Images have special structure that regular neural networks ignore:
- Spatial relationships: Nearby pixels are related
- Translation invariance: A cat is a cat whether it's on the left or right
- Hierarchical patterns: Edges → shapes → objects
CNNs exploit these properties through convolutions and pooling.
Your First CNN
Let's build a simple CNN for MNIST (28x28 grayscale images, 10 digits):
import jax
import jax.numpy as jnp
from flax import nnx
class SimpleCNN(nnx.Module):
"""Basic CNN: 2 conv layers + 2 dense layers"""

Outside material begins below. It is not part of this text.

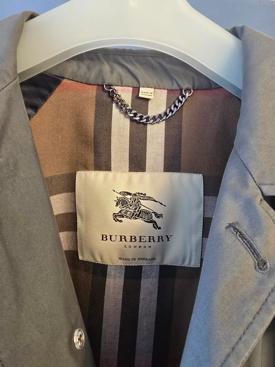 Classic Burberry London men's trench coat in grey. Size 52R, (large) made in England. Features the iconic Nova Check lining. It's a stylish outerwear piece for any wardrobe.

def __init__(self, num_classes: int = 10, *, rngs: nnx.Rngs):
# Convolutional layers extract visual features
self.conv1 = nnx.Conv(
in_features=1, # Grayscale input
out_features=32, # 32 feature maps
kernel_size=(3, 3), # 3x3 filters
rngs=rngs
)
self.conv2 = nnx.Conv(
in_features=32,
out_features=64,
kernel_size=(3, 3),
rngs=rngs
)
# Dense layers for classification
self.dense1 = nnx.Linear(64 * 5 * 5, 128, rngs=rngs)
self.dense2 = nnx.Linear(128, num_classes, rngs=rngs)
def __call__(self, x: jax.Array) -> jax.Array:
# x shape: (batch, height, width, channels)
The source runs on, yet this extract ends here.